→ **The task**:
Give back every entry exactly as it is written, but not the pictures.

++++++++++

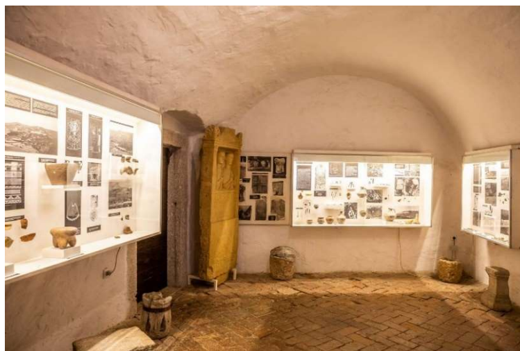
Slika 3. Pazinština od prapovijesti do srednjeg vijeka

Na međukatnoj razini (između prvoga i drugoga kata) Muzej je grada Pazina kao dio stalnog postava smjestio izložbu o životu i djelovanju biskupa Jurja Dobrile. Segment je to koji se nadovezuje na jednu veću izložbu o životu i djelu biskupa koja je smještena u njegovoj rodnoj kući u Velom Ježenju. 73 Rodna kuća pod ingerencijom je Muzeja grada Pazina.
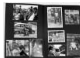
De la memoria
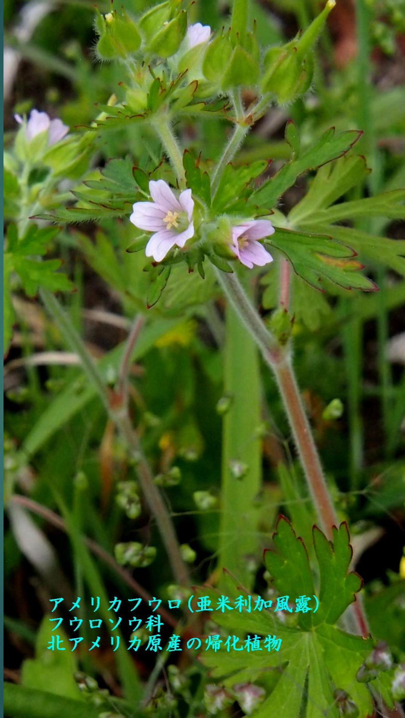
アメリカフウロ(亜米利加風露) フウロソウ科 北アメリカ原産の帰化植物
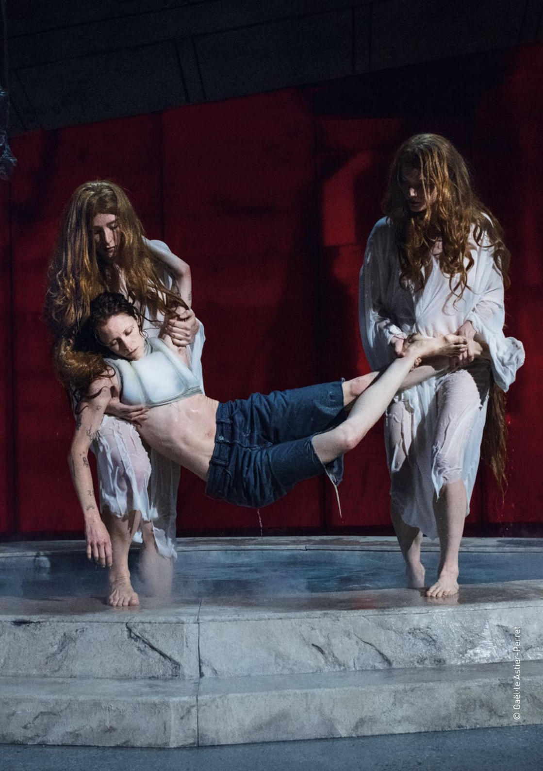
© Gaël Le Astier - Perret
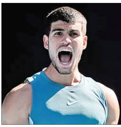
ପାଲ୍ୟୁଟେକୋରାଙ୍କ ଭଳି ସିଡ୍‌ରେ ଖେଳାଳି କ୍ୱାର୍ଟରଫାଇନାଲରେ ପ୍ରବେଶ କରିଛନ୍ତି । କ୍ୱାର୍ଟରରେ ସାବାଲେକା ଓ ପାଲ୍ୟୁଟେକୋରା ଏବଂ ଗର୍ଡ ଓ ବଡୋସା ପରସ୍ତରକୁ ଭେଟିବେ । ଶ୍ରେଷ୍ଠ ସିଡ୍ ବେଲାରୁଷ୍‌ରେ ସାବାଲେକା ୬-୨, ୬-୨ ସିଧାସଳଖ ସେଟ୍‌ରେ ୧୪ତମ ସିଡ୍ ୧୭ ବର୍ଷୀୟ ରୁଷ୍‌ରୁ ଖେଳାଳି ମାରା ଆସ୍ତିଭାଙ୍କୁ, ଚୁଡାୟ ସିଡ୍ ଆମେରିକାର ଗର୍ଡ ୫-୬, ୬-୨, ୬-୨ ସେଟ୍‌ରେ ସ୍ପେନ୍‌ରାଲକ୍ସର ବେଲିଷ୍ଟା

++++++++++

→ **Exercise solution**:
Slika 3. Pazinština od prapovijesti do srednjeg vijeka

Na međukatnoj razini (između prvoga i drugoga kata) Muzej je grada Pazina kao dio stalnog postava smjestio izložbu o životu i djelovanju biskupa Jurja Dobrile. Segment je to koji se nadovezuje na jednu veću izložbu o životu i djelu biskupa koja je smještena u njegovoj rodnoj kući u Velom Ježenju. 73 Rodna kuća pod ingerencijom je Muzeja grada Pazina.
De la memoria
アメリカフウロ(亜米利加風露) フウロソウ科 北アメリカ原産の帰化植物
© Gaël Le Astier - Perret
ପାଲ୍ୟୁଟେକୋରାଙ୍କ ଭଳି ସିଡ୍‌ରେ ଖେଳାଳି କ୍ୱାର୍ଟରଫାଇନାଲରେ ପ୍ରବେଶ କରିଛନ୍ତି । କ୍ୱାର୍ଟରରେ ସାବାଲେକା ଓ ପାଲ୍ୟୁଟେକୋରା ଏବଂ ଗର୍ଡ ଓ ବଡୋସା ପରସ୍ତରକୁ ଭେଟିବେ । ଶ୍ରେଷ୍ଠ ସିଡ୍ ବେଲାରୁଷ୍‌ରେ ସାବାଲେକା ୬-୨, ୬-୨ ସିଧାସଳଖ ସେଟ୍‌ରେ ୧୪ତମ ସିଡ୍ ୧୭ ବର୍ଷୀୟ ରୁଷ୍‌ରୁ ଖେଳାଳି ମାରା ଆସ୍ତିଭାଙ୍କୁ, ଚୁଡାୟ ସିଡ୍ ଆମେରିକାର ଗର୍ଡ ୫-୬, ୬-୨, ୬-୨ ସେଟ୍‌ରେ ସ୍ପେନ୍‌ରାଲକ୍ସର ବେଲିଷ୍ଟା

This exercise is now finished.